## What the task asks
Once you reach the line with "胡散臭い通販商品みたいなあだ名 | 『来世でも幸せになれる健康食品…その名も「アショク」』 |", transcribe it and every line after it to the end of the records, exactly, but not the pictures.

## The records
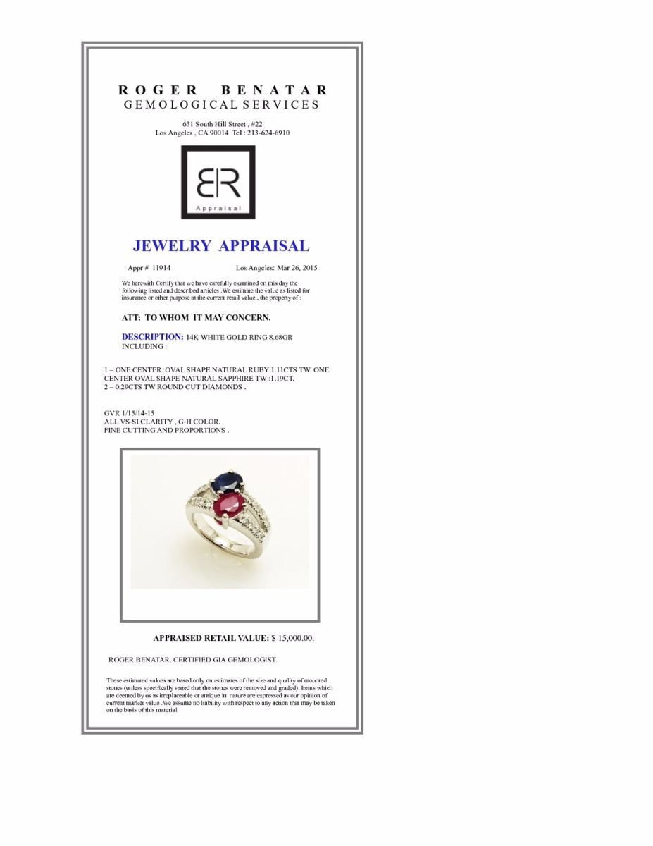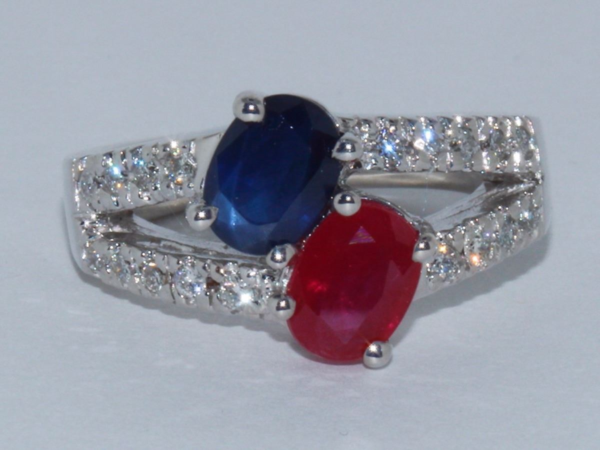 14k White Gold, Avg 1.00ct Blue Sapphire and Ruby Oval Great Color, .29ctw Round Diamond G-H color VS-SI clarity
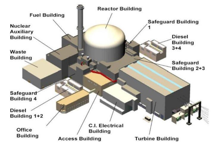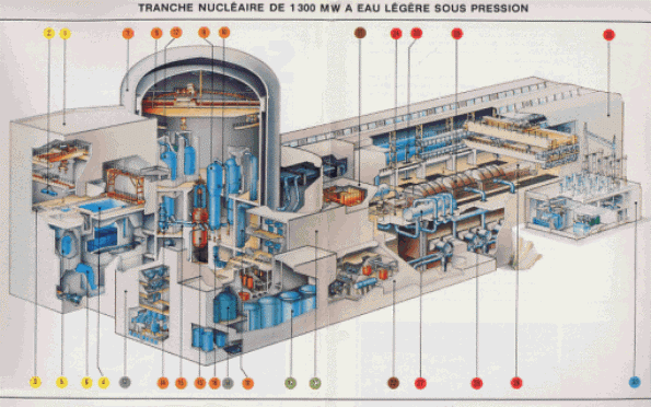 Figura 6. Reattore PWR con tutti gli elementi connessi. Il nocciolo è quello disegnato in rosso sotto la cupola. Iniziando dalla sinistra del disegno: il primo edificio riceve le barre di combustibile nucleare da inserire nel nocciolo che è disegnato in rosso al centro della cupola dell’edificio seguente. Nel primo edificio vengono anche provvisoriamente alloggiate in una grande piscina le barre di combustibile già utilizzate. Sotto la cupola vi sono, oltre al nocciolo, i 4 generatori di vapore (scambiatori) colorati in azzurro. Dalla cupola escono dei tubi che portano il vapore nel grande edificio parallelepipedo che segue. Il vapore entra nella turbina ad alta pressione (indicata con il n° 24) e successivamente nelle turbine a bassa pressione ( n° 25). Queste turbine fanno muovere i generatori di corrente che seguono (n° 26). Da qui la corrente passa ai trasformatori (n° 30) per poi andare nell’elettrodotto. Il vapore che esce dalle turbine a bassa pressione va invece ad essere raffreddato nel condensatore (n° 28) da dove poi torna agli scambiatori nella cupola. In accordo con quanto già detto, a parte il dimensionamento dei singoli componenti, con la sostituzione di quel nocciolo con altro generatore di calore si ha a che fare con altro tipo di centrale termica.
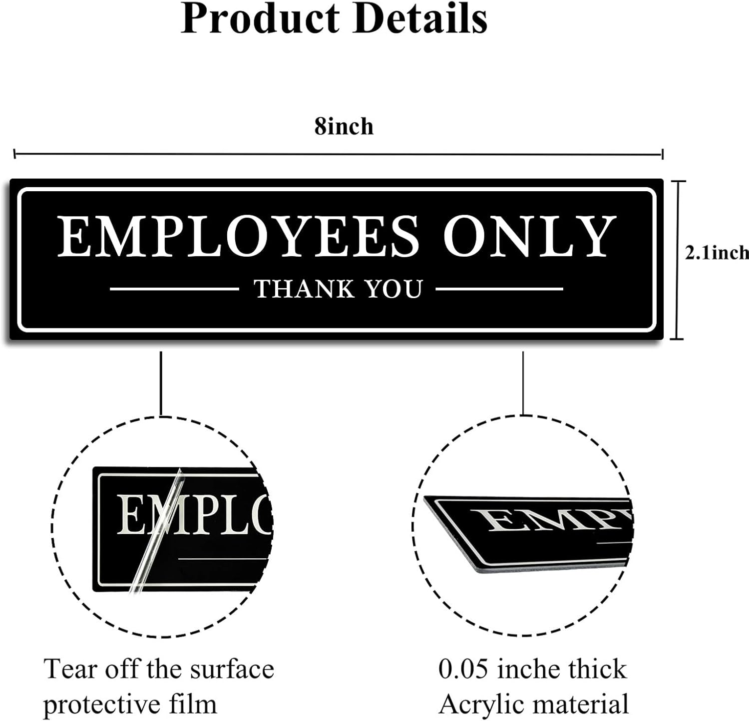 - WHAT YOU GET- You will get 1 acrylic employees only Signs and 2 pieces double-sided tapes.
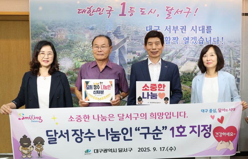 이태훈 달서구청장은 “소중한 나눔을 몸소 실천해 주신 신차분 어르신께 깊이 감사드린다”며 “이번 『장수 나눔인 구순』 지정을 계기로 어르신들의 삶이 존중받고, 더 건강하고 행복한 지역사회로 도약하길 기대한다”고 말했다.
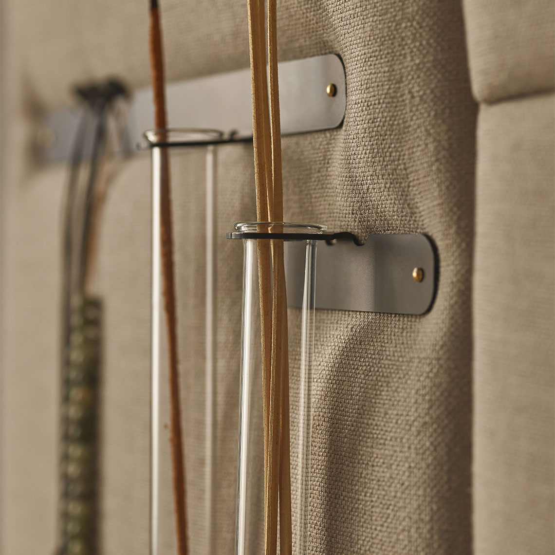 - Na każdej z listew znajduje się uchwyt do przymocowania fiolki. Przejrzyste probówki doskonale sprawdzają się jako niewielkie wazony na cięte i suszone kwiaty – to prosty sposób na nadanie otoczeniu naturalnego charakteru.
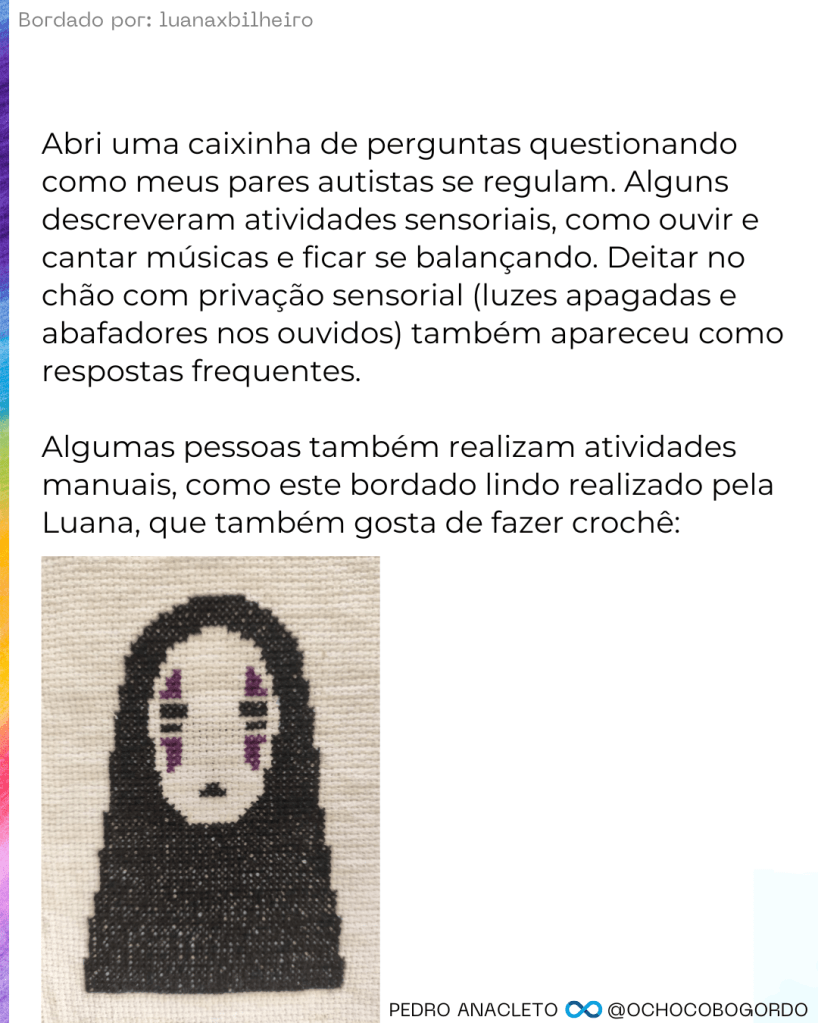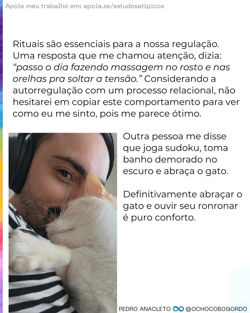 Uma característica que marca o Transtorno do Espectro Autista é a dificuldade nos processos de autorregulação emocional. O autismo é marcado por isso: uma compreensão atípica de como percebemos o mundo devido às nossas alterações sensoriais e tentativas frustradas de se regular. Com essa dificuldade, os nossos sistemas entram em crise e podemos nos sentir culpados, pois não tivemos a oportunidade de aprender a lidar com as emoções e comunicar adequadamente o que estamos sentindo, sobretudo quando o diagnóstico é tardio.
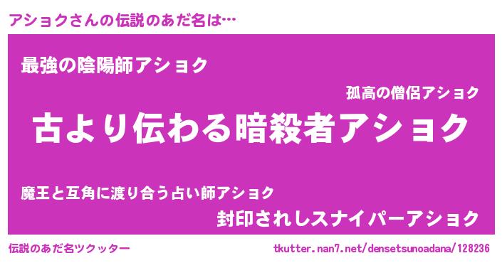 | 胡散臭い通販商品みたいなあだ名 | 『来世でも幸せになれる健康食品…その名も「アショク」』 |
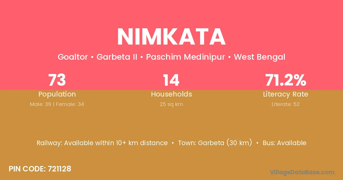 Garbeta (30 km) is the nearest town to Nimkata village for major economic activities and is located approximately 30 km away.
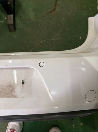 Paragolpes trasero para Volkswagen Golf 7, modelo 1.6 TDI. - Color blanco. - Incluye reflectantes rojos. - Dispone de sensores de aparcamiento originales. -No tiene ningún anclaje roto solamente desperfectos de arañazos.
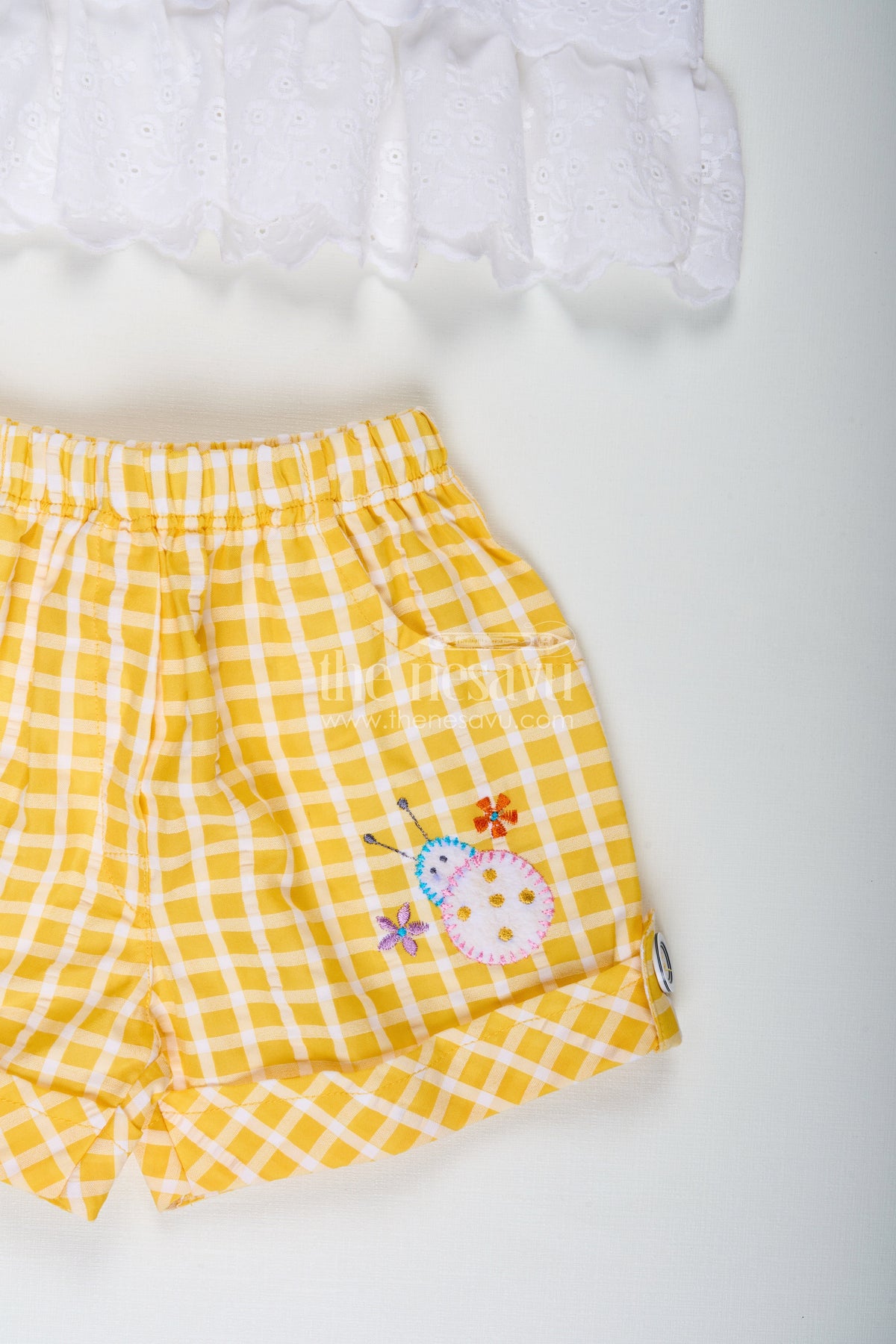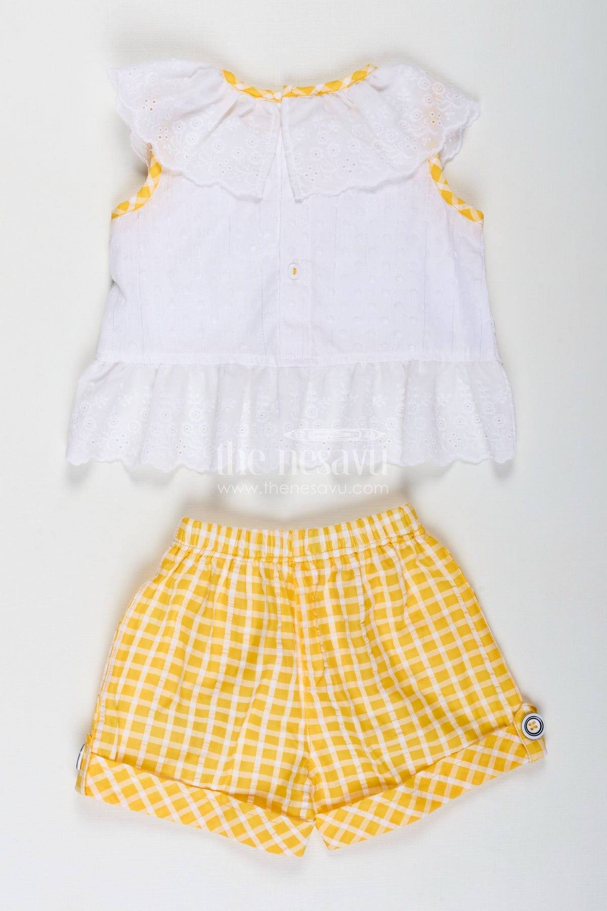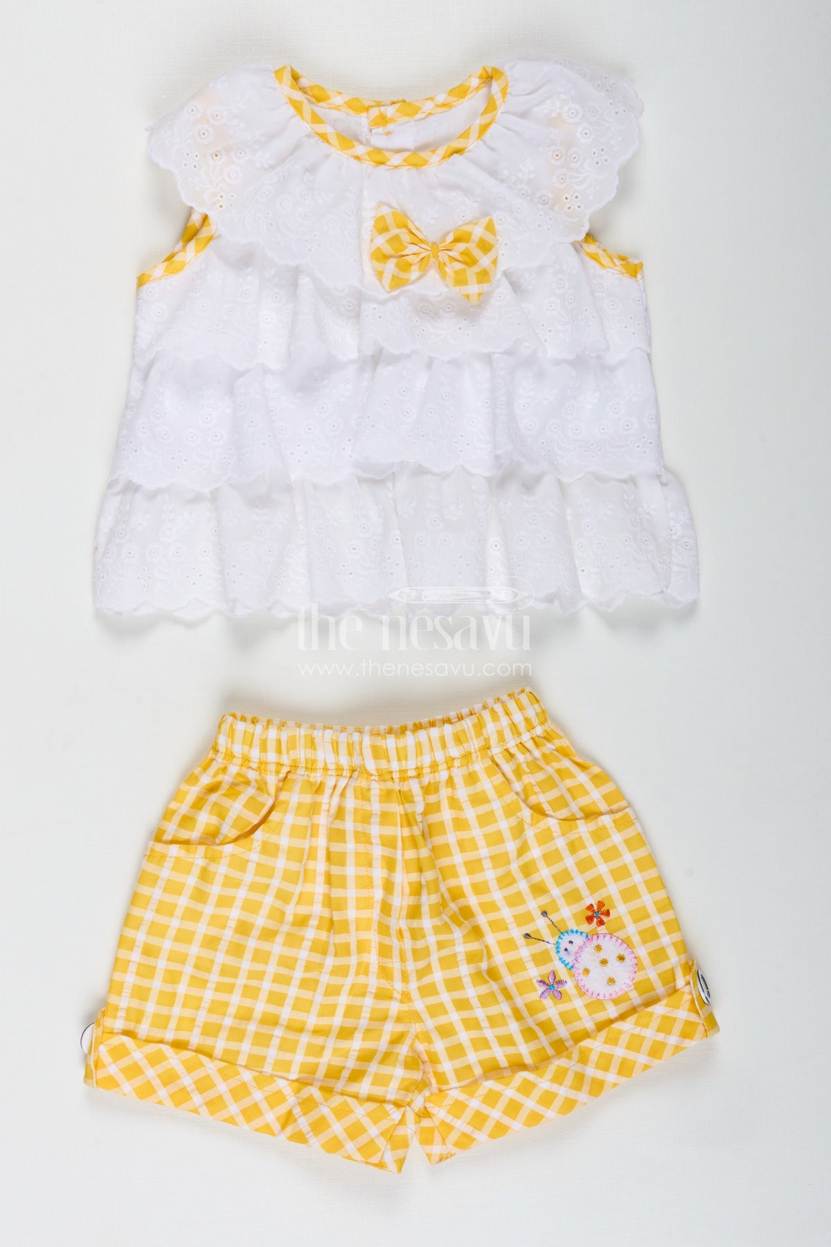 Comfortable Baby Casual Set for Everyday Wear offers the perfect balance of charm and ease for active toddlers. This two-piece outfit includes a white cotton top with delicate thread-embroidered layered yoke and a matching yellow gingham short. The top’s ruffled design and yellow checked bow at the neckline add sweet details, while the shorts feature playful embroidery and a comfortable elastic waistband. Crafted with breathable fabric and a soft finish, this set ensures all-day wearability, whether indoors or outdoors. A fuss-free, stylish choice for your baby’s casual wardrobe.

## Answer to the problem
 | 胡散臭い通販商品みたいなあだ名 | 『来世でも幸せになれる健康食品…その名も「アショク」』 |
 Garbeta (30 km) is the nearest town to Nimkata village for major economic activities and is located approximately 30 km away.
 Paragolpes trasero para Volkswagen Golf 7, modelo 1.6 TDI. - Color blanco. - Incluye reflectantes rojos. - Dispone de sensores de aparcamiento originales. -No tiene ningún anclaje roto solamente desperfectos de arañazos.
 Comfortable Baby Casual Set for Everyday Wear offers the perfect balance of charm and ease for active toddlers. This two-piece outfit includes a white cotton top with delicate thread-embroidered layered yoke and a matching yellow gingham short. The top’s ruffled design and yellow checked bow at the neckline add sweet details, while the shorts feature playful embroidery and a comfortable elastic waistband. Crafted with breathable fabric and a soft finish, this set ensures all-day wearability, whether indoors or outdoors. A fuss-free, stylish choice for your baby’s casual wardrobe.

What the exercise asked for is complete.